**WHAT TO DO:**
The lines to print run from the top of the material below to the line with "川财采【2021】40号(四", inclusive; please copy them exactly, without pictures.

**MATERIALS PROVIDED:**
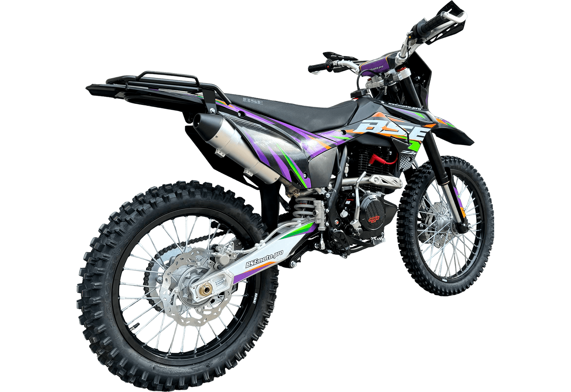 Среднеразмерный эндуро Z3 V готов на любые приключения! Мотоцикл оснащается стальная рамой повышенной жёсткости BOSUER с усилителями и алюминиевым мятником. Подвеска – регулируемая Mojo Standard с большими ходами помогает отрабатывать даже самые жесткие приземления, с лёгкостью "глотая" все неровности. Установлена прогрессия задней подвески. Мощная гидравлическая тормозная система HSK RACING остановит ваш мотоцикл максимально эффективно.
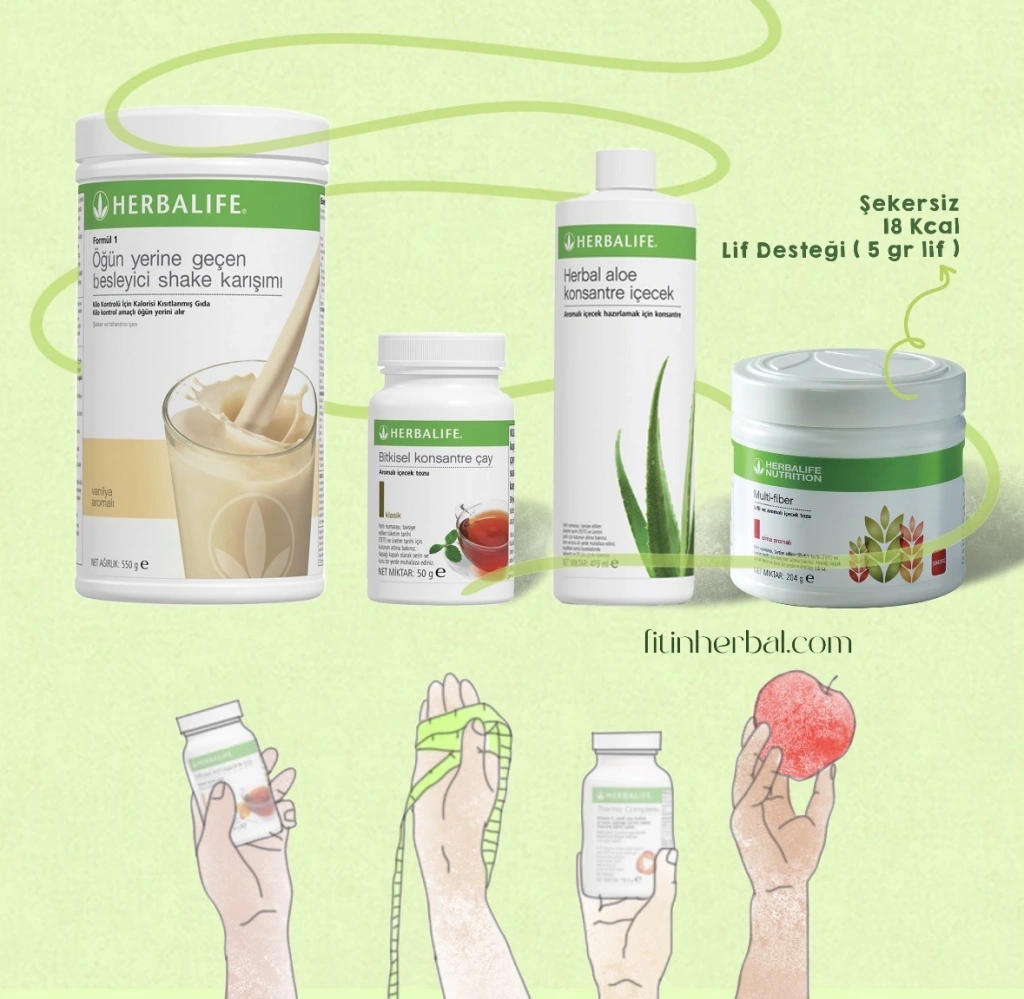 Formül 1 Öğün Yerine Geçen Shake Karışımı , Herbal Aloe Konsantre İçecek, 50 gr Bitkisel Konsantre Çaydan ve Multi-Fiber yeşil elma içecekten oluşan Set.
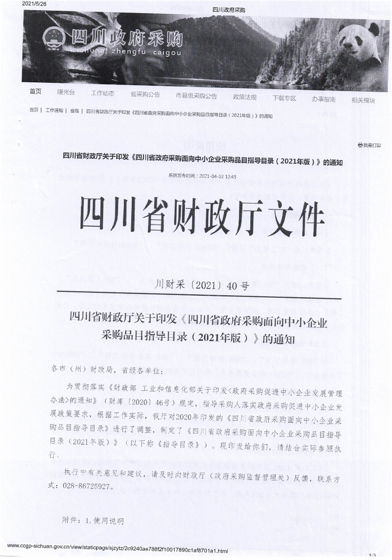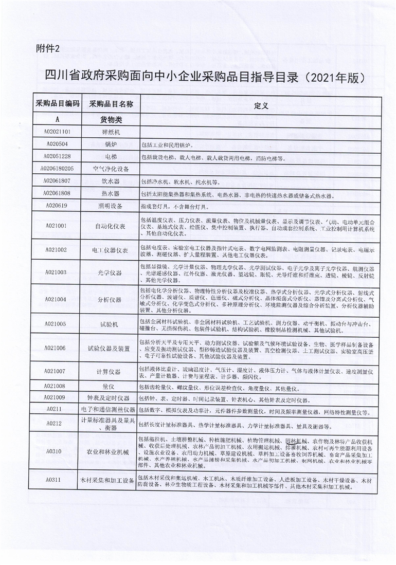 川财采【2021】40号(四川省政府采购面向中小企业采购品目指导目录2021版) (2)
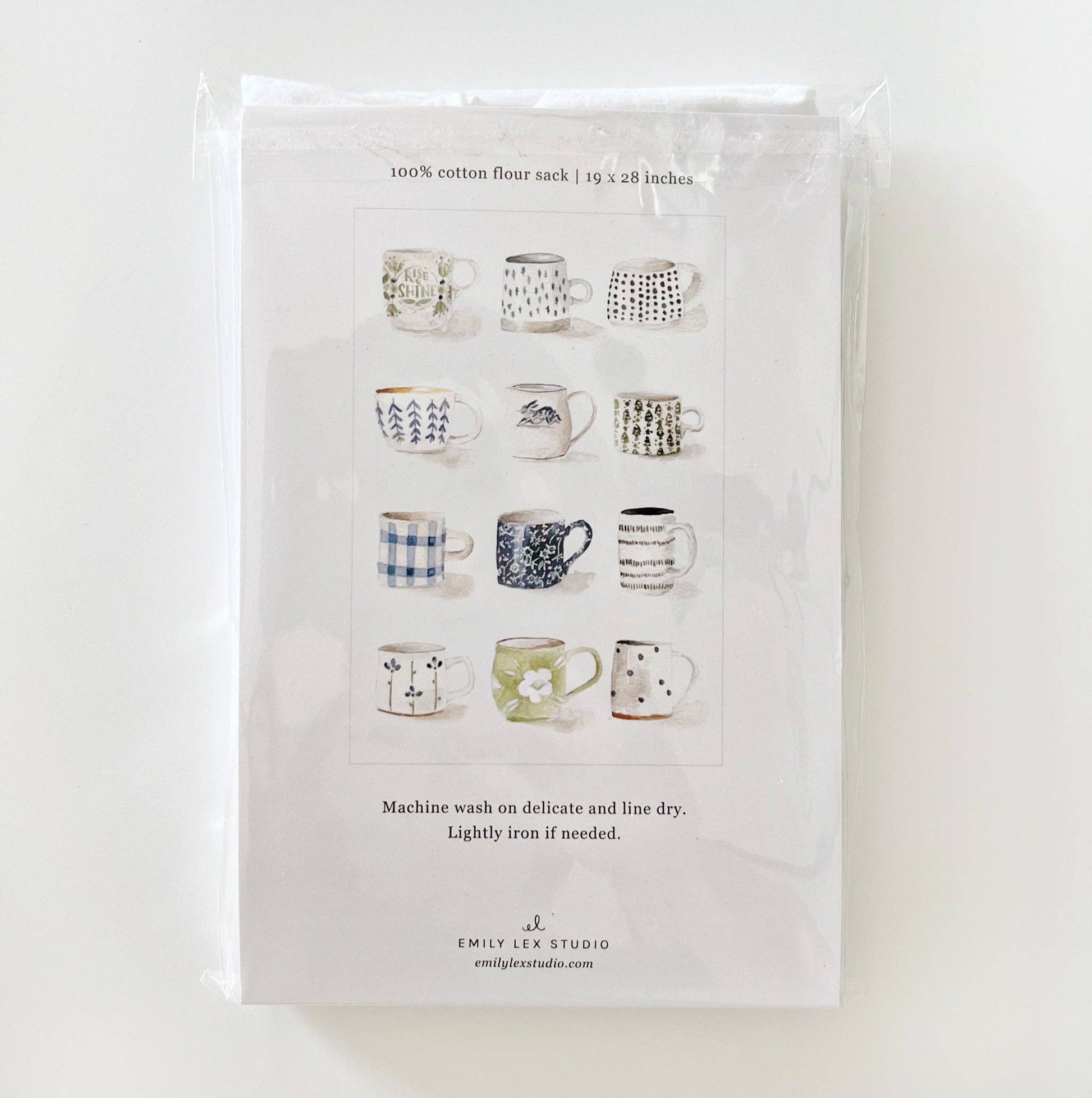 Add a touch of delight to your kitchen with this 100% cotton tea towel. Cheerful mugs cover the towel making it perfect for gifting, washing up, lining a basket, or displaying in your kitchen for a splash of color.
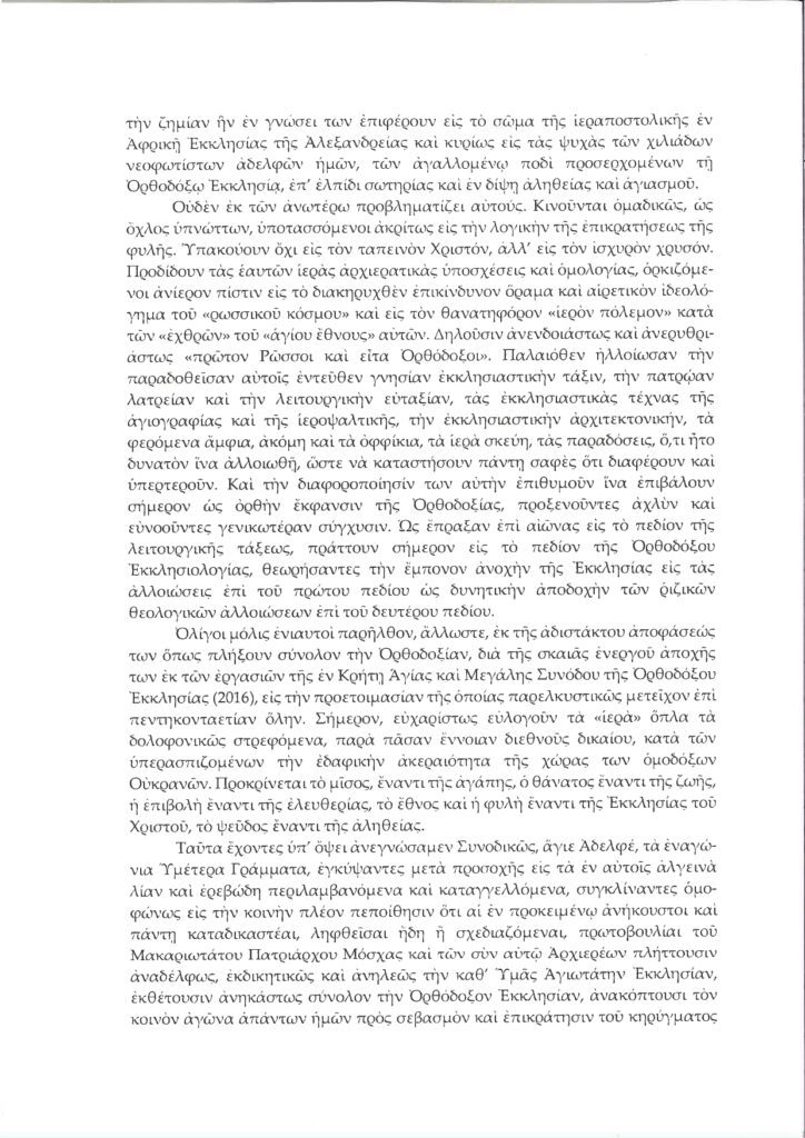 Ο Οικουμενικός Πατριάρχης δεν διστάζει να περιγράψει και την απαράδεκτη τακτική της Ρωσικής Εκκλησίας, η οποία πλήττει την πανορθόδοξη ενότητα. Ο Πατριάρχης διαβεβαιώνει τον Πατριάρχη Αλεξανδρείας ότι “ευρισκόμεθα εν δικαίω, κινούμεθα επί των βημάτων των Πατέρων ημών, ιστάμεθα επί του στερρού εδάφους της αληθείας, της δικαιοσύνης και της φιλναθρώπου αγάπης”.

**RESPONSE FOR THIS EXERCISE:**
 Среднеразмерный эндуро Z3 V готов на любые приключения! Мотоцикл оснащается стальная рамой повышенной жёсткости BOSUER с усилителями и алюминиевым мятником. Подвеска – регулируемая Mojo Standard с большими ходами помогает отрабатывать даже самые жесткие приземления, с лёгкостью "глотая" все неровности. Установлена прогрессия задней подвески. Мощная гидравлическая тормозная система HSK RACING остановит ваш мотоцикл максимально эффективно.
 Formül 1 Öğün Yerine Geçen Shake Karışımı , Herbal Aloe Konsantre İçecek, 50 gr Bitkisel Konsantre Çaydan ve Multi-Fiber yeşil elma içecekten oluşan Set.
 川财采【2021】40号(四川省政府采购面向中小企业采购品目指导目录2021版) (2)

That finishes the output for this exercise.